What is needed: Needed from the data below: every line from the one with "Yanks Push On To Italy Under Enemy Bombs" up to and including the one with "Mayor Fenty at", repeated exactly and with nothing else.

= = = = =

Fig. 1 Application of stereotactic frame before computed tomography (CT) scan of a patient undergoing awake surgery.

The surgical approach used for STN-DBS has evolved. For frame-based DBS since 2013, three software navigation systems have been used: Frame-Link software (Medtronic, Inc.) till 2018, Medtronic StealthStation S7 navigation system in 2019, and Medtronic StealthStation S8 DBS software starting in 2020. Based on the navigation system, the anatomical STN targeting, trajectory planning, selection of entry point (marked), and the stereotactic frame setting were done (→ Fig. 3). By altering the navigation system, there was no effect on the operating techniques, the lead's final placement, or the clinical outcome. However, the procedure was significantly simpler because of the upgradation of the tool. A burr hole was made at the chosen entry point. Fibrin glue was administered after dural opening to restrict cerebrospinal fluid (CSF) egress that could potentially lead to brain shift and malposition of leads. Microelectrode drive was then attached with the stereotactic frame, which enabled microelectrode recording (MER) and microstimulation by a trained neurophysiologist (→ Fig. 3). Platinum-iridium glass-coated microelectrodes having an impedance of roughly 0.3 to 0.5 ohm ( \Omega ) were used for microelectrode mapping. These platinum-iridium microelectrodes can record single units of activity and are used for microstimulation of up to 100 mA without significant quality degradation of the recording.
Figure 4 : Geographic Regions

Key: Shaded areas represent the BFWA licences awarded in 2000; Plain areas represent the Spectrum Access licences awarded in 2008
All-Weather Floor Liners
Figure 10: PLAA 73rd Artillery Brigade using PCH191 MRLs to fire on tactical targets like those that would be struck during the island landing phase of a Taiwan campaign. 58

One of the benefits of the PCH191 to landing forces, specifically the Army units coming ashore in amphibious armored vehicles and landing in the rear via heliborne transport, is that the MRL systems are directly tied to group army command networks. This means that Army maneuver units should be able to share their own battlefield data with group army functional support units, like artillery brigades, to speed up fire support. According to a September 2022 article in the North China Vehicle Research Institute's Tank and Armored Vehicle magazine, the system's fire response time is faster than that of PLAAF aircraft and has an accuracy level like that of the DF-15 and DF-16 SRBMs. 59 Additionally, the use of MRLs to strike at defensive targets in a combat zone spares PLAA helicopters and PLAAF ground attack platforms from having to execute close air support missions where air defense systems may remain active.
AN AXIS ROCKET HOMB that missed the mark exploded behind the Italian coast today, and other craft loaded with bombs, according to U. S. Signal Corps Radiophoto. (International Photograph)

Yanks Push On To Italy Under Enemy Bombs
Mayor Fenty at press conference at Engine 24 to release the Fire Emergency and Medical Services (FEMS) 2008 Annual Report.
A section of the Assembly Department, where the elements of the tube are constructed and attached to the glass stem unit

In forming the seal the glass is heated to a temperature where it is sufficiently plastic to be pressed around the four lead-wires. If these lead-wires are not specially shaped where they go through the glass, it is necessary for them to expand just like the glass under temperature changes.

= = = = =

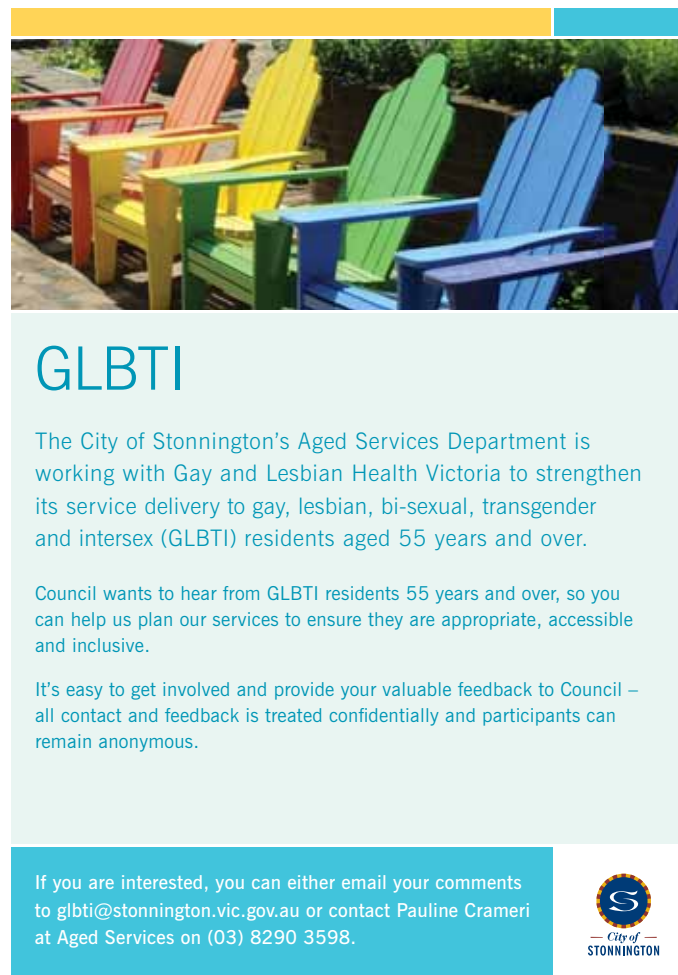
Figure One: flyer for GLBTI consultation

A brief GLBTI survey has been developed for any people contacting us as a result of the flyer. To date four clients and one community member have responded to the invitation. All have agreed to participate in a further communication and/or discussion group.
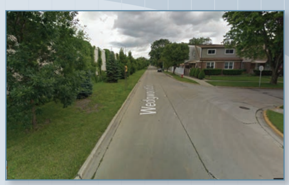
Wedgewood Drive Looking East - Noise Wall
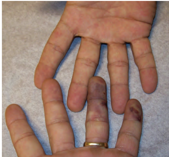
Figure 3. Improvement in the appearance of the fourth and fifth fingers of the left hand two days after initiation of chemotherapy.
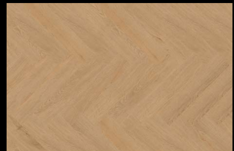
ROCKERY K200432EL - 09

= = = = =

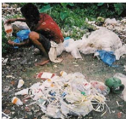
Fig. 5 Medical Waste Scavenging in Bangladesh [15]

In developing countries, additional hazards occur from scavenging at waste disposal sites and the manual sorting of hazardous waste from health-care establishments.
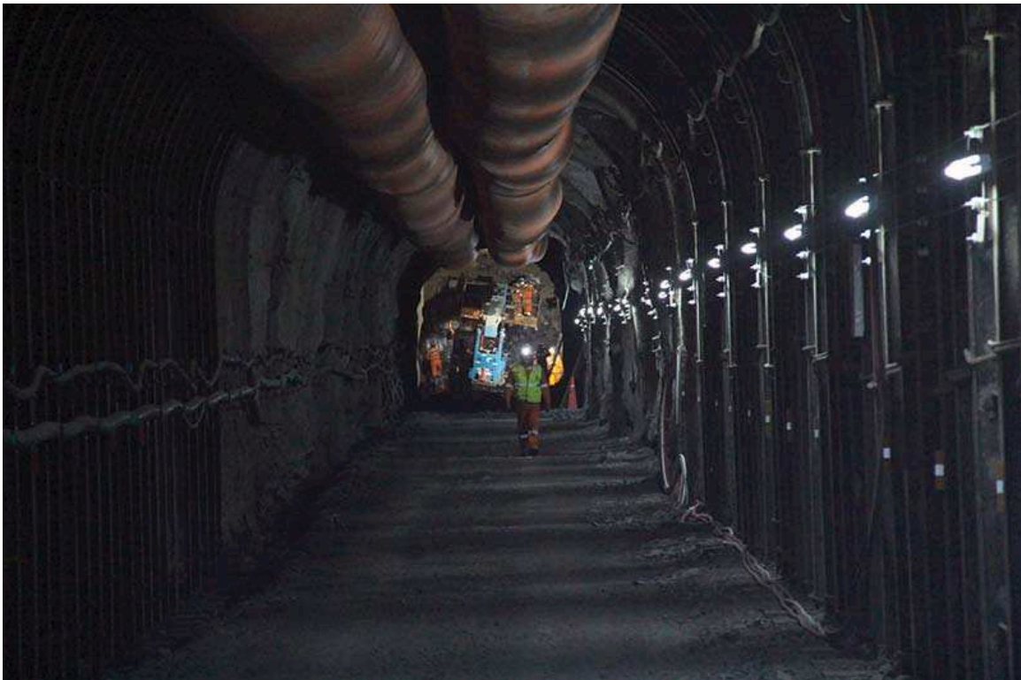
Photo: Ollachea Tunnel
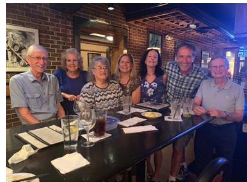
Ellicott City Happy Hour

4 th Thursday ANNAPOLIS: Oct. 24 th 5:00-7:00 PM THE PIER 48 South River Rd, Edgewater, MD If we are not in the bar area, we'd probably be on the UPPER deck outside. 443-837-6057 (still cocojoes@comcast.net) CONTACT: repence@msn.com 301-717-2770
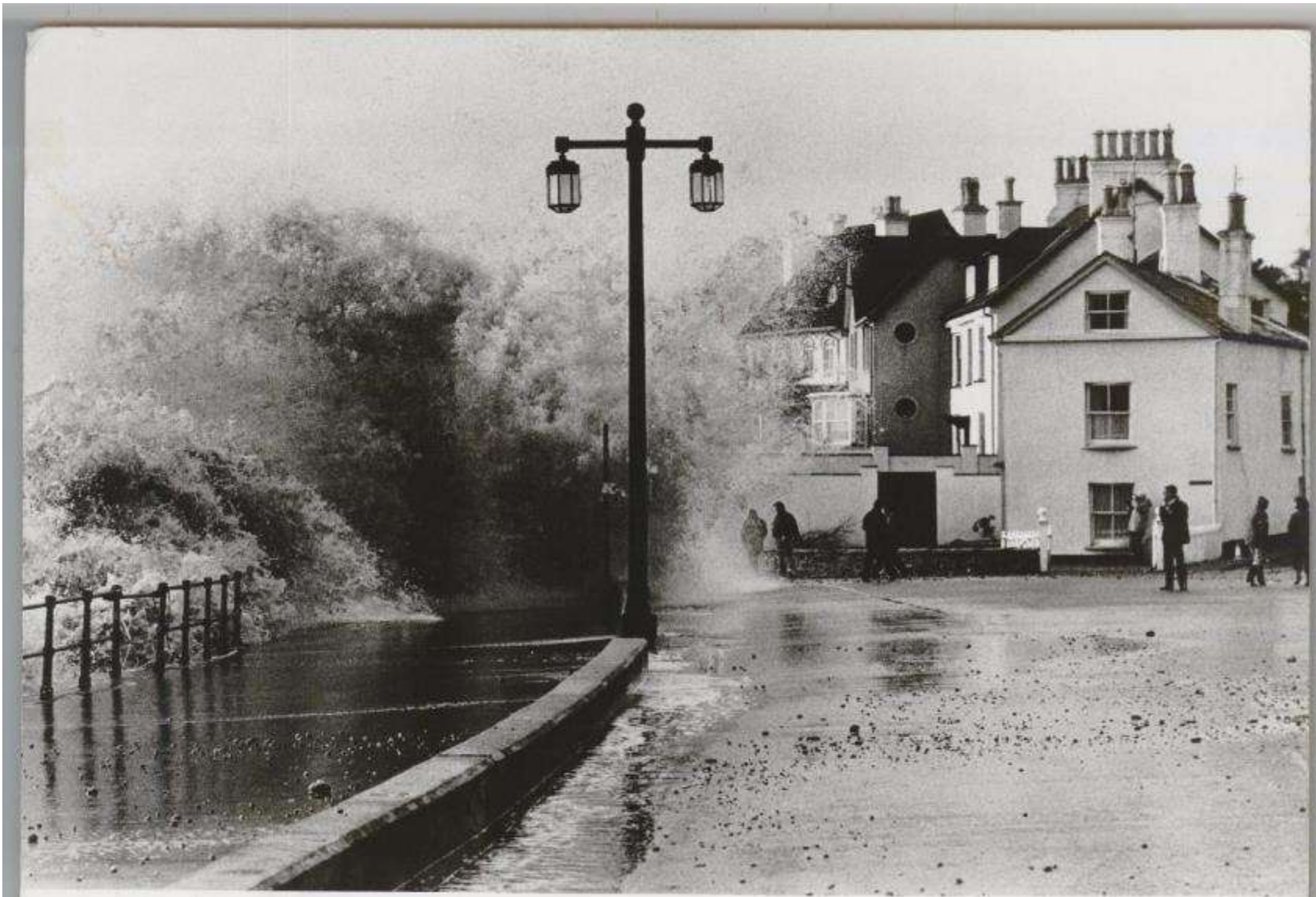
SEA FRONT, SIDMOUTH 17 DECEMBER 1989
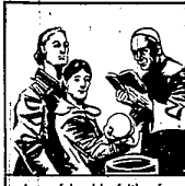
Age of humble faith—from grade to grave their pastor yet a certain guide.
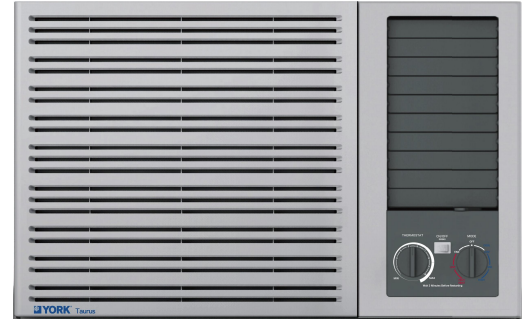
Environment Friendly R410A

= = = = =

Finished task:
Yanks Push On To Italy Under Enemy Bombs
Mayor Fenty at press conference at Engine 24 to release the Fire Emergency and Medical Services (FEMS) 2008 Annual Report.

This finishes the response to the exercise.